[Saved data entries]

──────────────────────────────

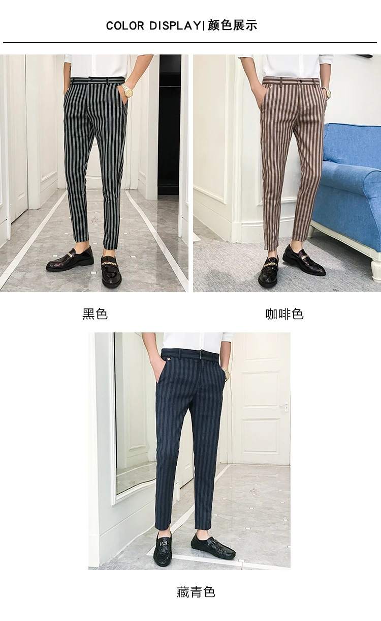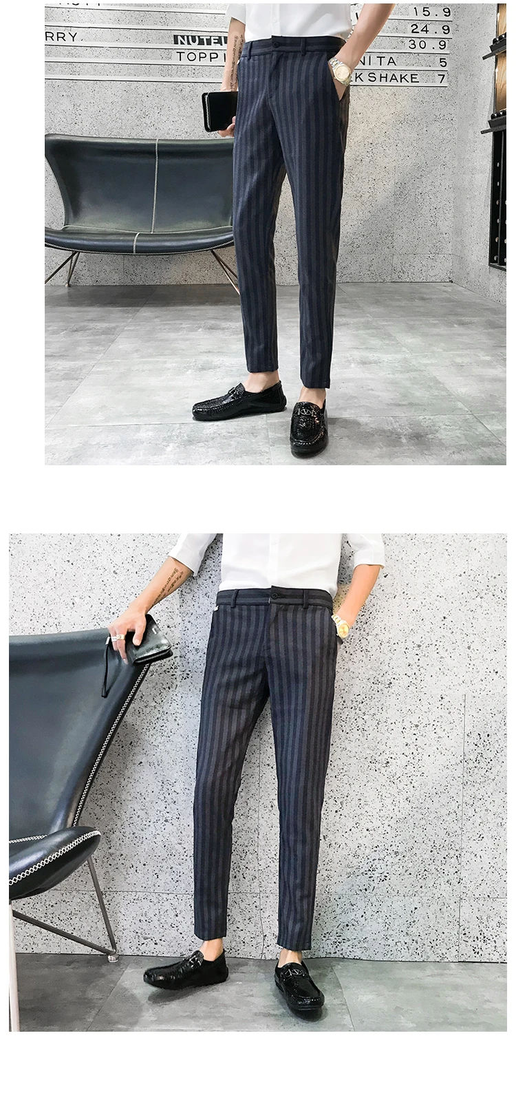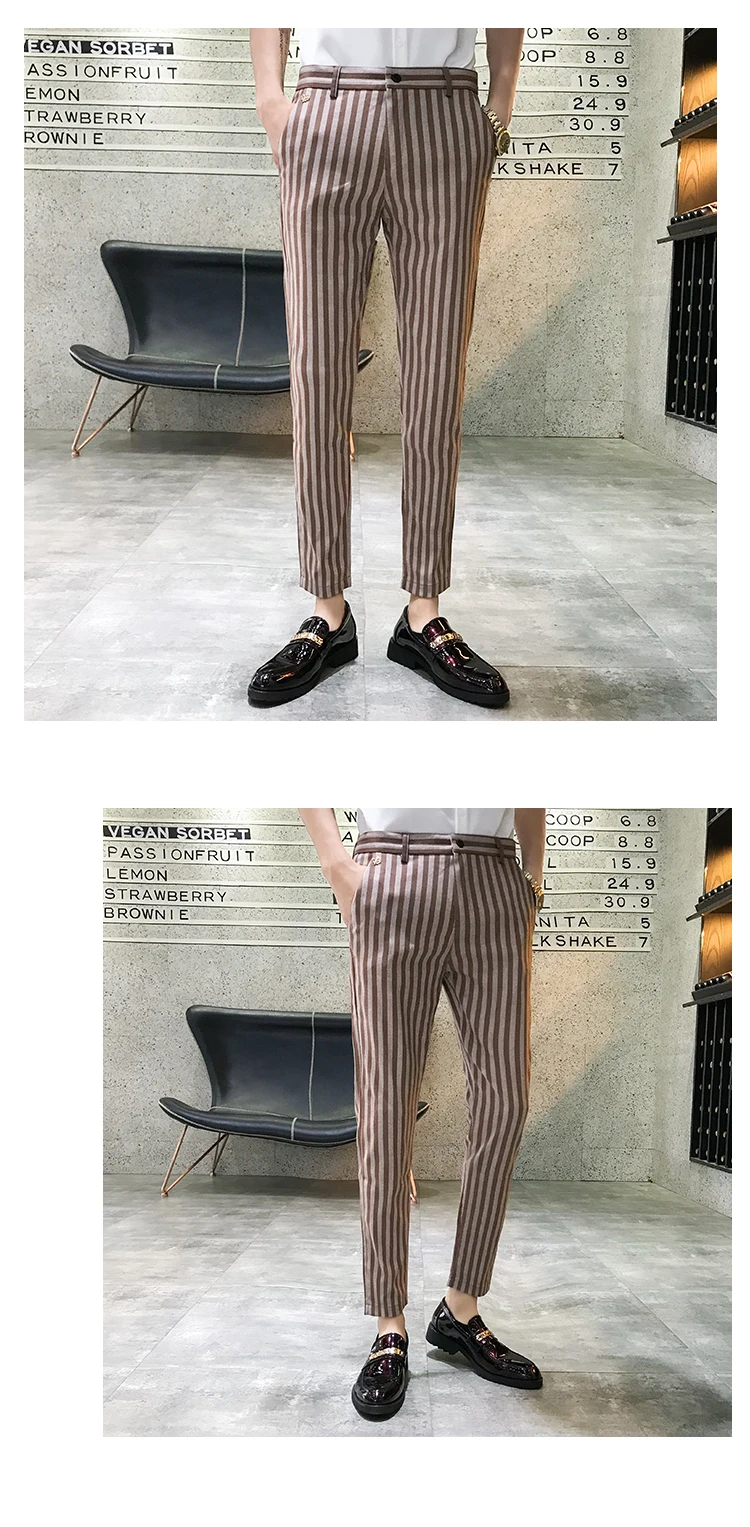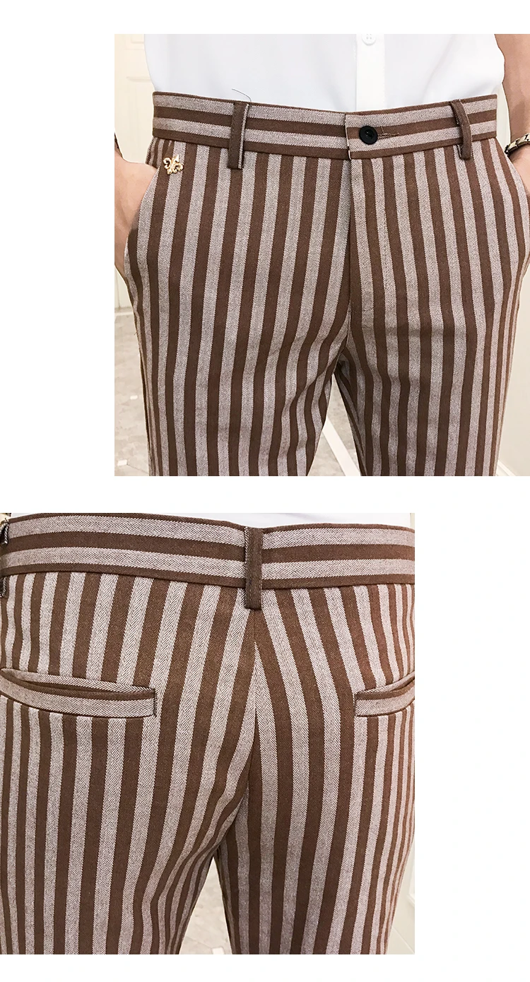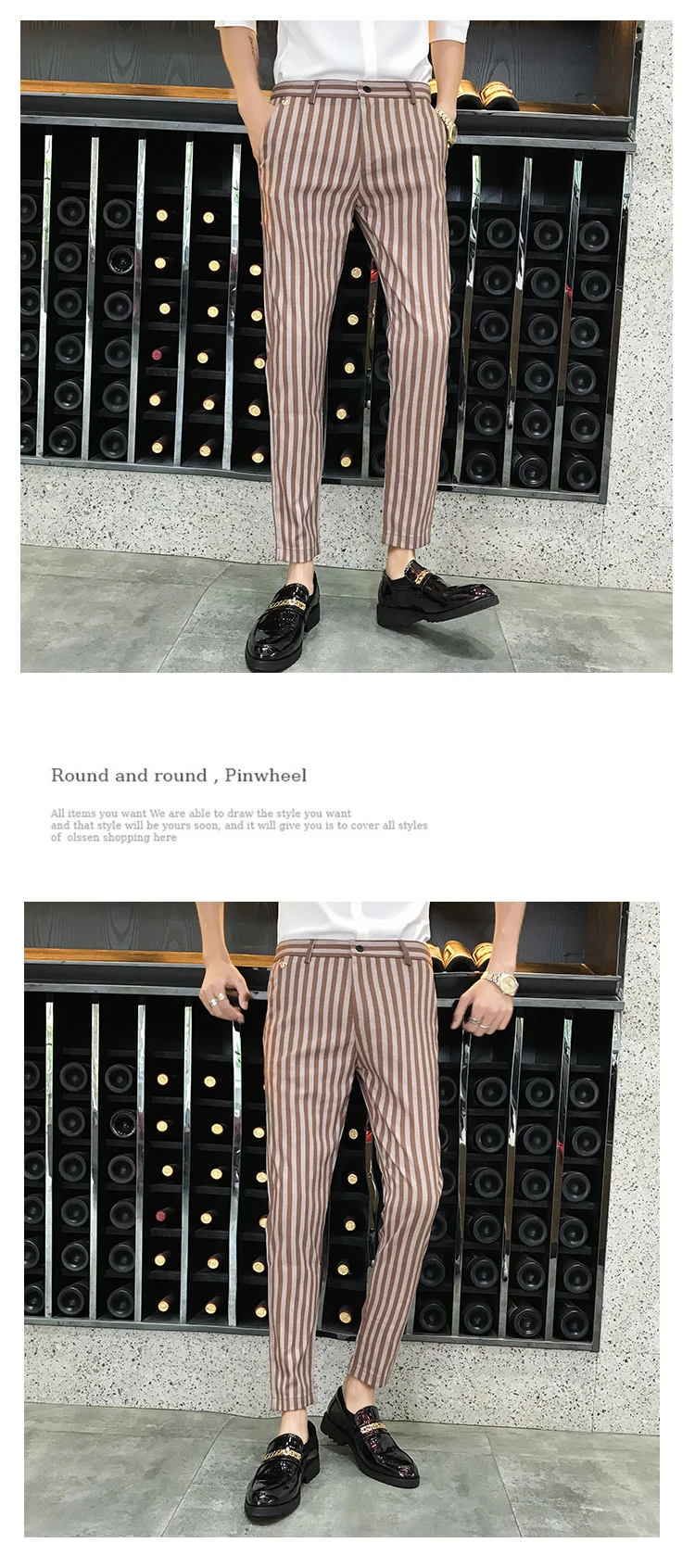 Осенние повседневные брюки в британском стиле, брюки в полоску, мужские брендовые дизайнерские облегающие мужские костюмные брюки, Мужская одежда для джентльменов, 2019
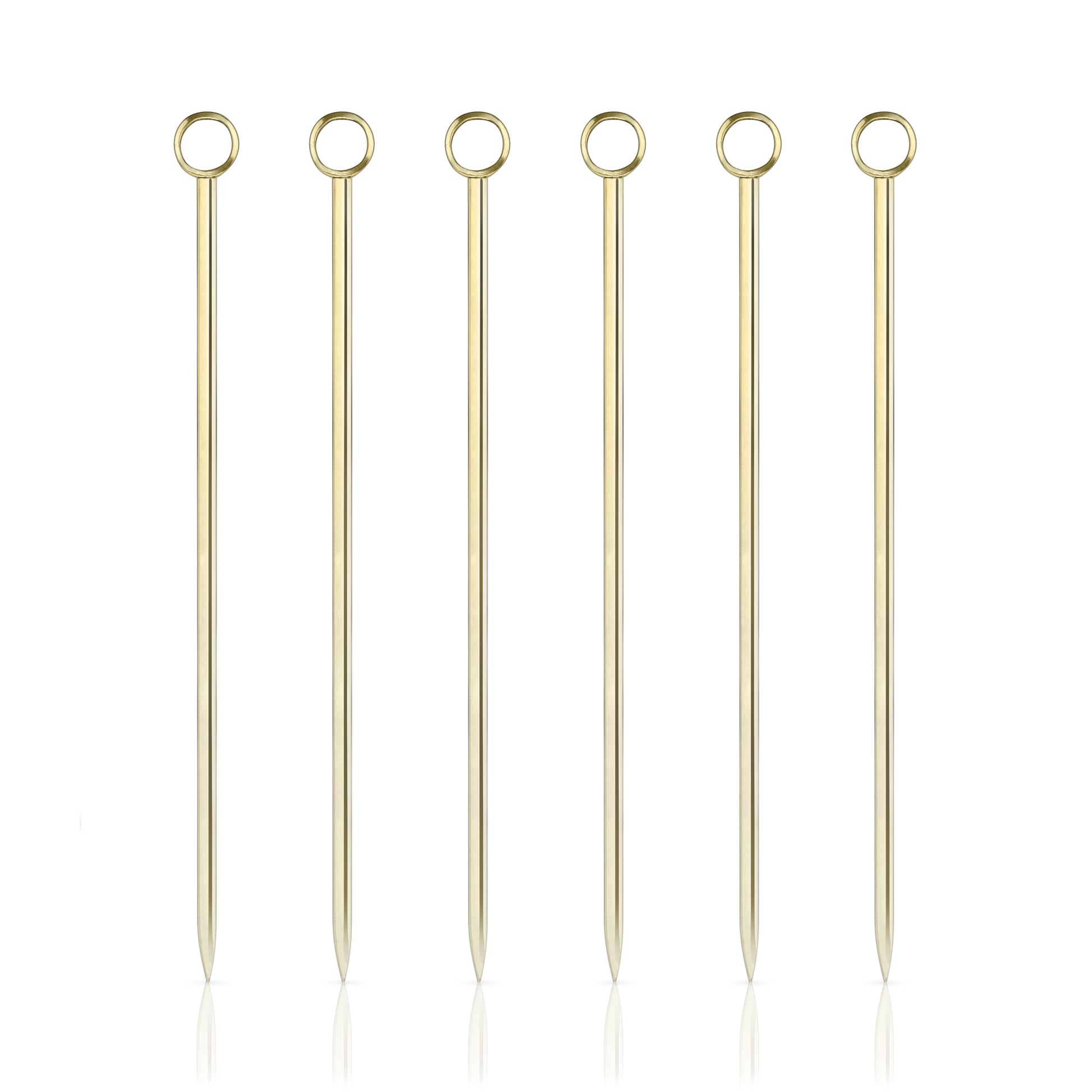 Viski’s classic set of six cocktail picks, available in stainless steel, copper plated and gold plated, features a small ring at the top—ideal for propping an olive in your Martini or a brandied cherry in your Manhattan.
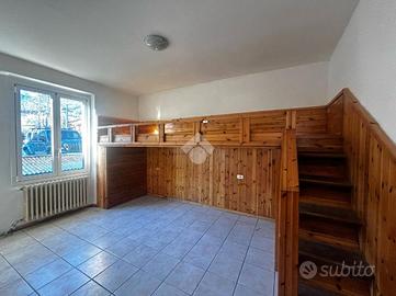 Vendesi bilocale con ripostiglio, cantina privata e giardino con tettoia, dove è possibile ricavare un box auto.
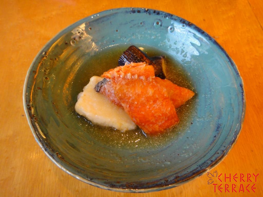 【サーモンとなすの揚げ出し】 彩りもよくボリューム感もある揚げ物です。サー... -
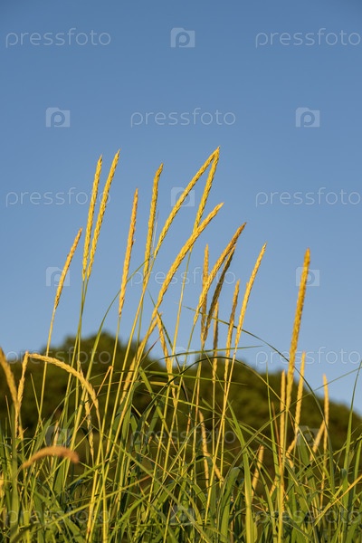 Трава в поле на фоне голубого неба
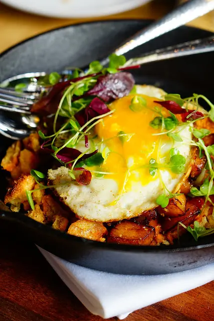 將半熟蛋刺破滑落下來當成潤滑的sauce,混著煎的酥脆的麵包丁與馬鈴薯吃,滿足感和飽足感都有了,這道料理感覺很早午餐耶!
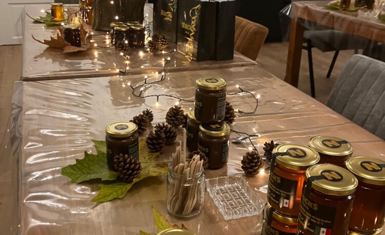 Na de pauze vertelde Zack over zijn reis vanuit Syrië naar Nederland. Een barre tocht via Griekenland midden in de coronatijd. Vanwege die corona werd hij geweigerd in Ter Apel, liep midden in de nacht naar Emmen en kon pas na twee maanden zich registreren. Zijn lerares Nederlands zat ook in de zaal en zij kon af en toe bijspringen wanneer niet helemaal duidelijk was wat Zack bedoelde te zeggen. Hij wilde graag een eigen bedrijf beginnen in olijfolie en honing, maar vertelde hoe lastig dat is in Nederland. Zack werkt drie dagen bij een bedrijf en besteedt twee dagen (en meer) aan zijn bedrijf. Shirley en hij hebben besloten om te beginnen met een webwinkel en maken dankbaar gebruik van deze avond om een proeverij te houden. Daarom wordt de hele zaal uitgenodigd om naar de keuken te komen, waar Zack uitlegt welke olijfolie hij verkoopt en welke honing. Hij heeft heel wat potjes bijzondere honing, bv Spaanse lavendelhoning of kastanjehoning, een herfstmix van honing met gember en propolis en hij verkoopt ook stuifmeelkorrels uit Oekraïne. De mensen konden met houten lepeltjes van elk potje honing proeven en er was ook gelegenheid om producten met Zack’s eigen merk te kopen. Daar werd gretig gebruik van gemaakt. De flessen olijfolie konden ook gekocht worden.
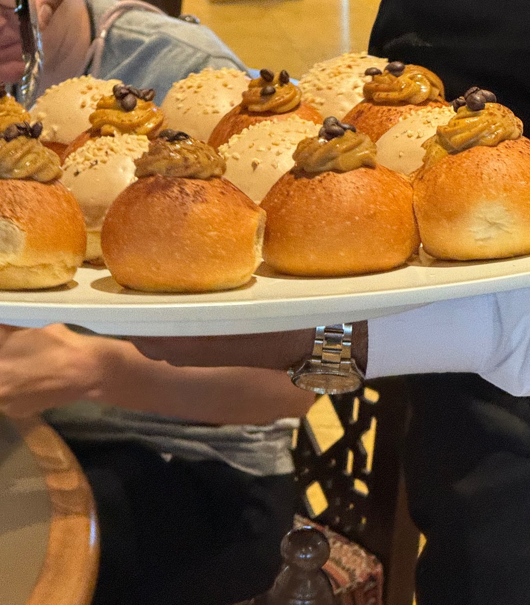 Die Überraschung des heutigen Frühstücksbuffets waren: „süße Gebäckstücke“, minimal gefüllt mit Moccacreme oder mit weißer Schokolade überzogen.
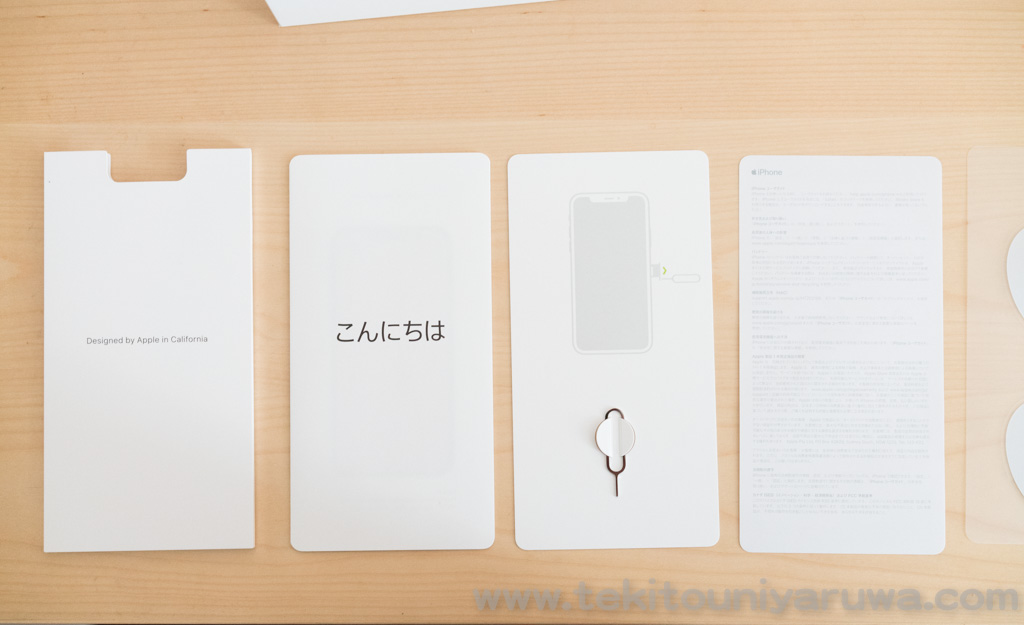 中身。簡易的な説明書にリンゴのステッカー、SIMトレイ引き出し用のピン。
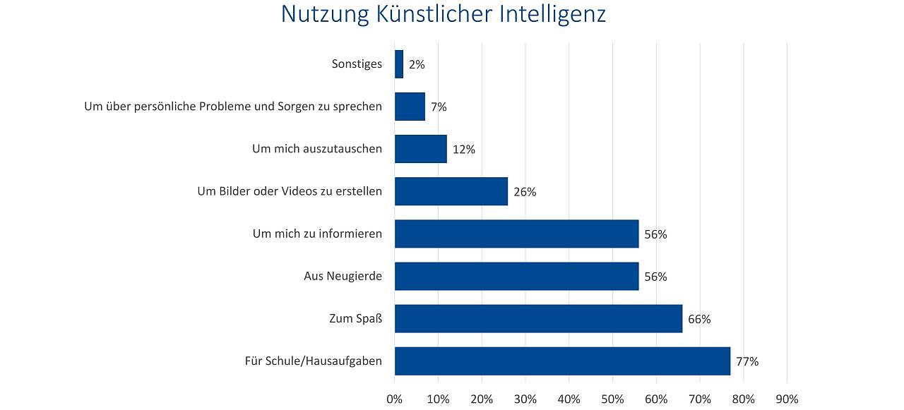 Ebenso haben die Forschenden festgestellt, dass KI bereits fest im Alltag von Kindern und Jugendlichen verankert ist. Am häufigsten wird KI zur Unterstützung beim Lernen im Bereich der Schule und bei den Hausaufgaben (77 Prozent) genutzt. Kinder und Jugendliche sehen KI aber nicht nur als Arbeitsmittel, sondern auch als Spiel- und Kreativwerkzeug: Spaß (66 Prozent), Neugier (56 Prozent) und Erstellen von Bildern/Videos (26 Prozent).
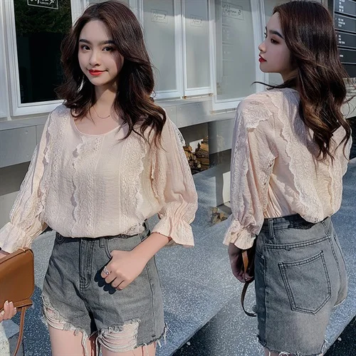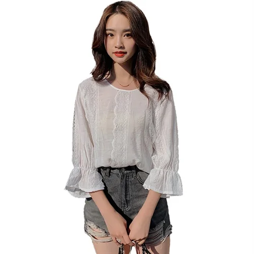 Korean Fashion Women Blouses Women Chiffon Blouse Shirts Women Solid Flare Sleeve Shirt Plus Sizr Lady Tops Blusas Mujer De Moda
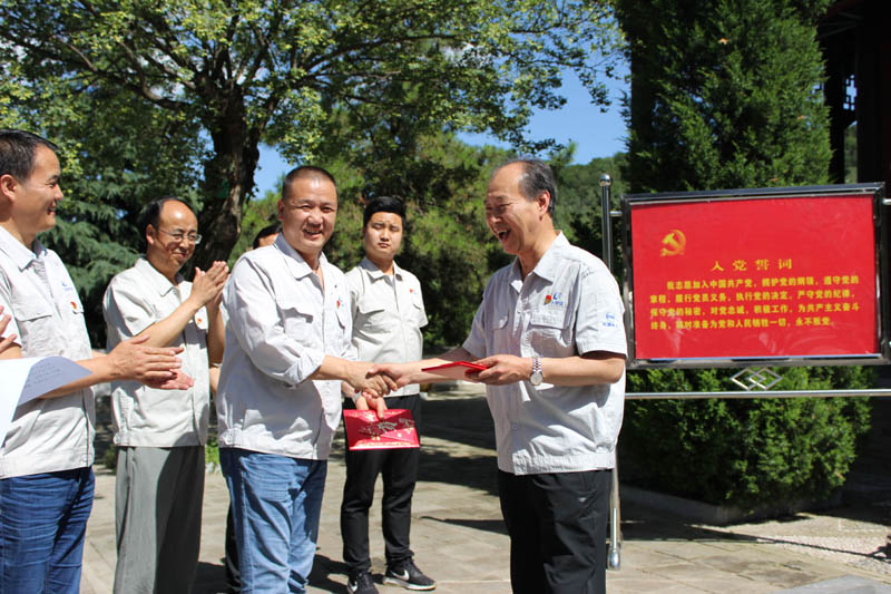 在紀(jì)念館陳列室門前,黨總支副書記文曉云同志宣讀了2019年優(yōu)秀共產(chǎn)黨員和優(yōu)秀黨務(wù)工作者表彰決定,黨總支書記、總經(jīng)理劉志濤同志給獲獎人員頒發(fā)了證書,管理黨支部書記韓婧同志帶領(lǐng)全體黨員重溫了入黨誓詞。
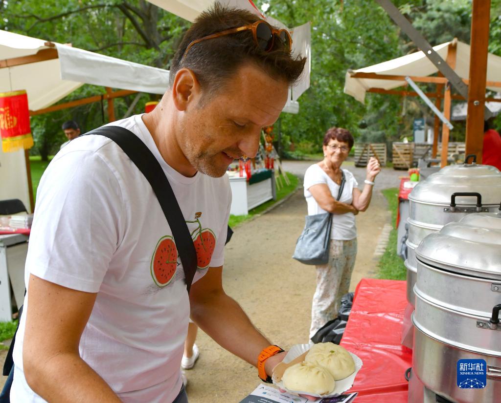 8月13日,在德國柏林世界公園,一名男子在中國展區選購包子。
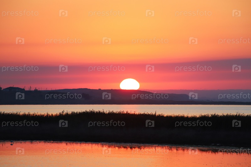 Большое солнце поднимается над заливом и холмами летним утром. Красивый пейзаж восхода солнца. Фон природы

──────────────────────────────

Return word for word the lines from the beginning of the entries through the line that contains "Viski’s classic set", both ends included, but no pictures.

 Осенние повседневные брюки в британском стиле, брюки в полоску, мужские брендовые дизайнерские облегающие мужские костюмные брюки, Мужская одежда для джентльменов, 2019
 Viski’s classic set of six cocktail picks, available in stainless steel, copper plated and gold plated, features a small ring at the top—ideal for propping an olive in your Martini or a brandied cherry in your Manhattan.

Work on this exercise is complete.